Angel nodded. It didn’t, to his eyes, look like much of a sword at all; it looked like tarnished, neglected silver—but worse. “Until tonight, I’ve been unable to draw it from its scabbard.” He hesitated, and then, without expression, drew the edge of the blade across his palm.
No matter what the sword looked like, its edge was sharp enough, clean enough, to cut. “I don’t know what the House Name requires,” he said. “But in the North, such an oath is made—and affirmed—in blood.”
Jewel wasn’t from the North. Neither, in any real sense, was Angel. But Terrick waited at the foot of the shrine, watching, his gaze hooded and nearly unblinking. There was a story in his presence here; Jewel felt that he had come to bear witness.
And it was not, after all, the first time she had accepted an oath such as this with blood of her own. “You will be ATerafin?”
“While you live. Only while you
live.”
She held out her hand. In the light of the shrine, against her palm, she could see the single line that was Celleriant’s oath; white, healed, but part of the geography of her palm. Angel offered her the sword’s hilt; she took it. The hilt was wrapped in leather; it was warm, but simple. She hoped that the sword did not feel the need to cut off her hand; she was far more aware of Meralonne’s opinion of the blade than she had been when she had given Angel almost nonchalant permission to go into the room and find a weapon that suited him.
She made the cut, and he brought his left hand down upon hers. As their hands joined, the sword began to glow. The black surface of its flat vanished, like shadow destroyed by strong light. It was not Meralonne’s sword; not Celleriant’s. It didn’t look like an impressive, magical blade. But in the instant that Jewel pronounced Angel ATerafin, in some odd blend of Northern custom and House custom, it looked whole, new, perfect.
“Does it speak to you?” she asked, as she lifted her hand.
“Not yet,” he replied, as he took the hilt from her. He drew a cloth to wipe the blade’s edge clean, and frowned. There was no blood on the blade.
There was, Jewel saw, no blood on his hands—and none at all on hers.
“I am so grateful,” she said, quietly enough that it barely carried to Angel, “that I won’t have to choose one of those damn weapons.”
* * *
Terrick said nothing.
He said nothing when Angel drew the blade he had been, until that moment, unable to draw.
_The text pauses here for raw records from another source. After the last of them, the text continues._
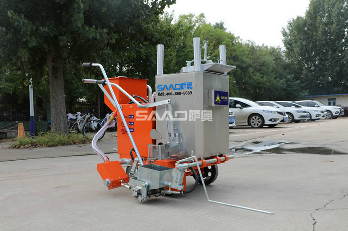 SAAO-160手推热熔划线机采用普通铸铁划线斗,同步离合玻璃微珠自动撒播器,具有结构简单、轻便、价优、性能优良等特点。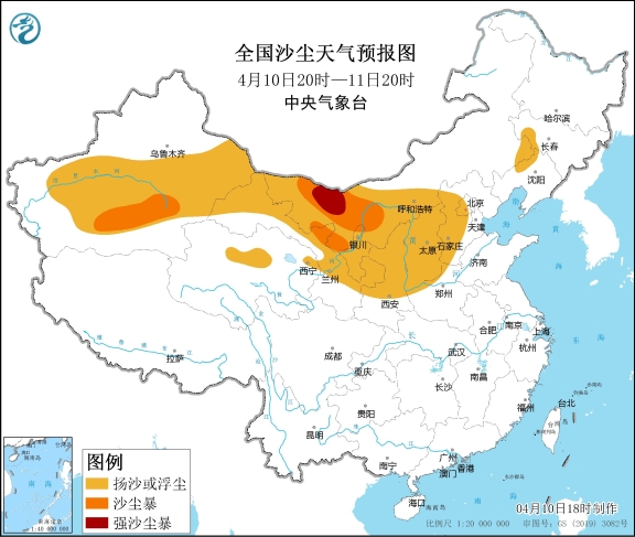 預計,4月10日20時至11日20時,新疆東部和南部、青海北部、內蒙古西部、甘肅、寧夏、陝西中北部、山西、河北西部、北京中西部等地有揚沙或浮塵天氣,其中新疆南部、內蒙古西部、甘肅西部等地的部分地區有沙塵暴,內蒙古西部局地有強沙塵暴。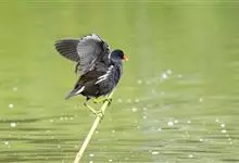 黑水鸡:是鹤形目、秧鸡科的鸟类,共有12个亚种。中型涉禽,体长24-35厘米。嘴长度适中,鼻孔狭长;头具额甲,后缘圆钝;嘴和额甲色彩鲜艳。翅圆形,第2枚初级飞羽最长,或第2枚和第3枚初级飞羽等长,…全部>>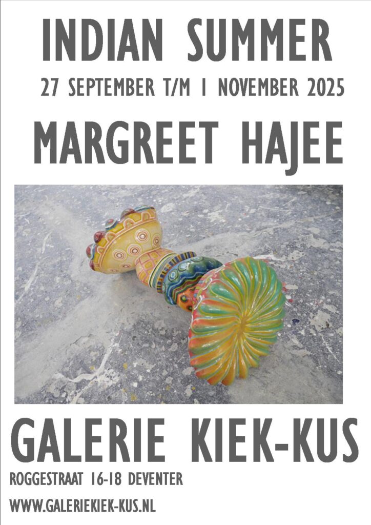 Zaterdag 27 september tm 1 november 2025 Tentoonstelling: INDIAN SUMMER – Keramiek van Deventer kunstenares MARGREET HAJEE & CLAUDIA VAN DE LEUR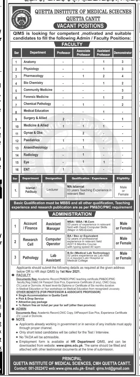 Quetta Institute of Medical Sciences QIMS Jobs 2021 announce the Contract career opportunities for the post of See Below Ad in Balochistan,Quetta for the fresh and experienced candidates on Contract basis who have Check Advertisement degree. Posted date of this post is 15/10/2021 and the last date is 21/11/2021. if you are eligible for this job apply before due date.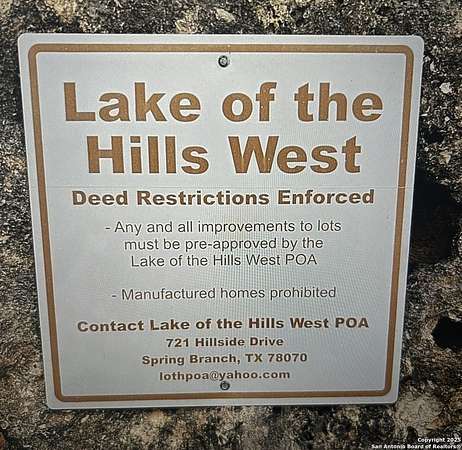 Est $254/moVery Desirable Location. Views of the Texas Hill Country. Residential Lot with Restrictions. No Manufactured Homes or temporary homes. Structures only. Blanco ISD. Low Tax Rate. No Farm Animals Allowed, Cannot be Subdivided. Level lot. Gravel road. Septic needed. Electric & water available on the road. Voluntary POA (LOTH). Community Park. Inexpensive living, with access to Major cities. No Survey Available. CASH, CONV, SELLER FINANCE. BUYER TO VERIFY ALL INFORMATION. Buy today & build later.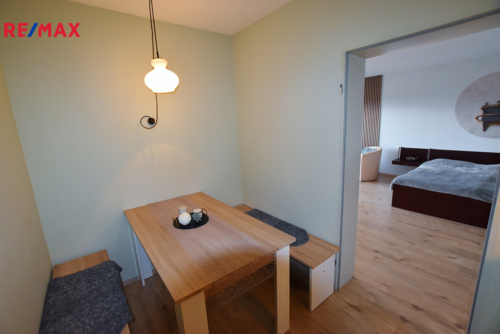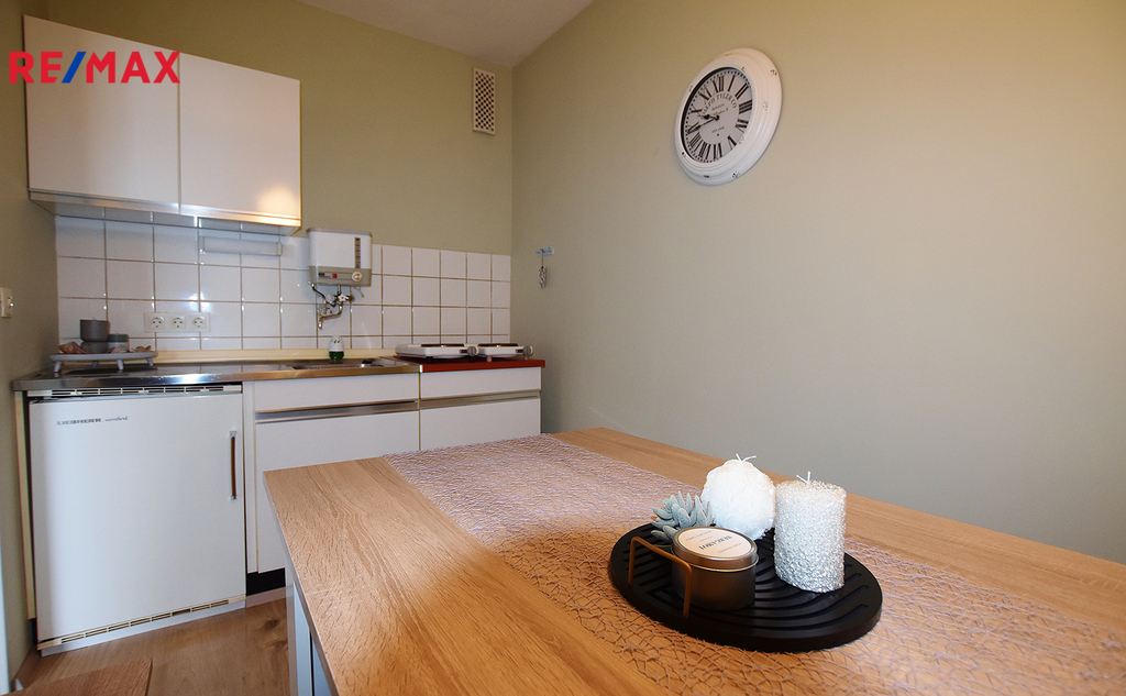 Apartmán je byl zrekonstruován a je částečně zařízený. V kuchyni se nachází kuchyňská linka s lednicí.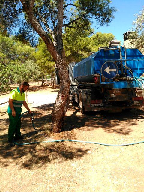 Els operaris del servei de jardineria de l'Ajuntament d'Almassora han regat en dues ocasions al mes de juliol els pins del passeig d'accés a Santa Quitèria, una operació que repetiran en tres ocasions durant el mes d'agost i de nou al setembre, en cas que no ploga prou.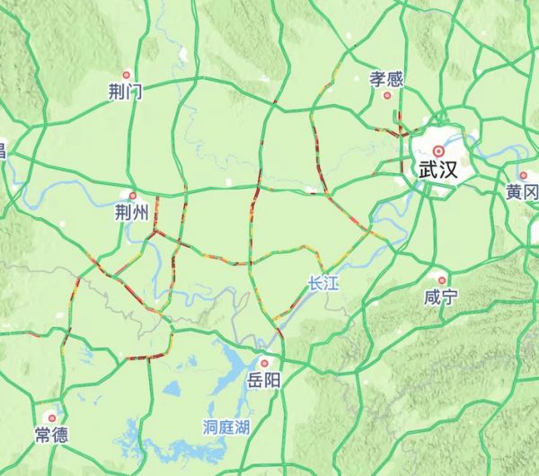 2月7日上午9点导航地图显示武汉西侧仍有大面积拥堵路段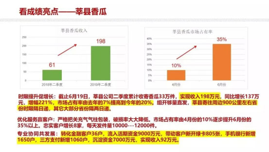 山东邮政在重汽物流市场、莘县香瓜市场、网点综合服务、跨境电商产业园融合发展、海尔物流源头获客、大樱桃项目运作等方面亮点突出,取得了不俗的成绩。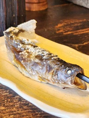 きのこ類や川魚も外せない秩父の名物!炭火で焼かれた肉厚で香り豊かなしいたけや、皮はパリッ!身は柔らか~な川魚を味わいながら、ついに日本酒にも手を出す私(笑)。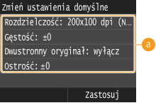 Ustawienia domyślne są ustawieniami wyświetlanymi po każdym włączeniu urządzenia lub naciśnięciu przycisku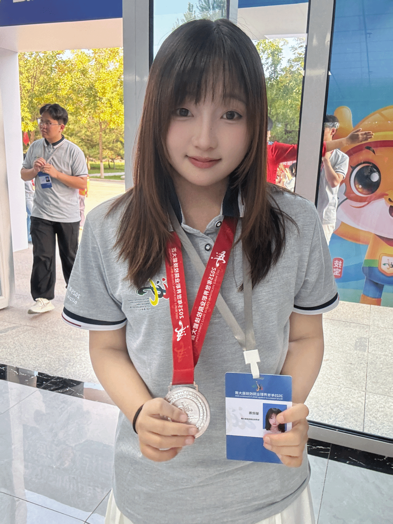备赛路上的那些瞬间:深夜工作室里共享的一杯热奶茶、攻克难点后击掌的欢呼,还有为调试代码流下的汗、为修改方案熬红的眼…… 每一次欢笑、每一滴汗水,都像细小的火种,慢慢攒成了推动她向前的燃料。而正是这份日复一日的积累与磨合,让她在国赛现场遭遇突发状况时,没有慌了手脚 —— 她深吸一口气,快速回忆起备赛时拆解问题的方法,很快找到破局思路。最终,她稳稳交出了最佳答卷,把那枚沉甸甸的国赛银奖,牢牢握在了手里。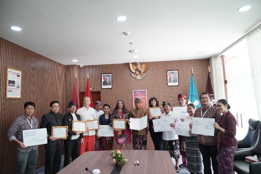 Foto : Pimpinan miwah dosen saking perguruan tinggi seni miwah desain ring Wilayah Asia Pasifik ring B-GAAD Leaders’ Summit, Anggara (28/10) ring Ruang Sabha Citta Mahottama, Gedung Design Hub, ISI BALI.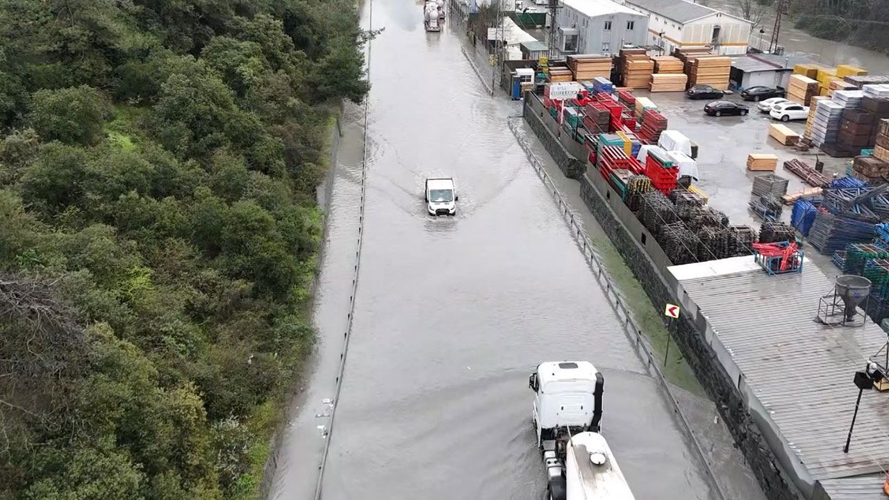 Hafriyat kamyonu ve tırların bile kontrollü olarak ilerlediği yol havadan görüntülendi. Görüntülerde yolun adeta göle döndüğü, tırların güçlükle ilerlediği bazı araçların da yol kenarında beklediği görülüyor.

He said nothing when Angel cut his palm and extended his bleeding hand. Nor did he speak when The Terafin took his weapon and made a like cut in her own. He might have pointed out to Angel that the customs of the South did not include—and did not privilege—blood; that instead binding oaths were legal documents.
He didn’t. He listened. He bore witness. He remembered his youth. He remembered standing, as Angel now stood, before Garroc—a man he had detested on first sight; a man he had been so loath to trust. Yet in the end, Garroc had become the center of his life: the man he was willing to follow and to serve.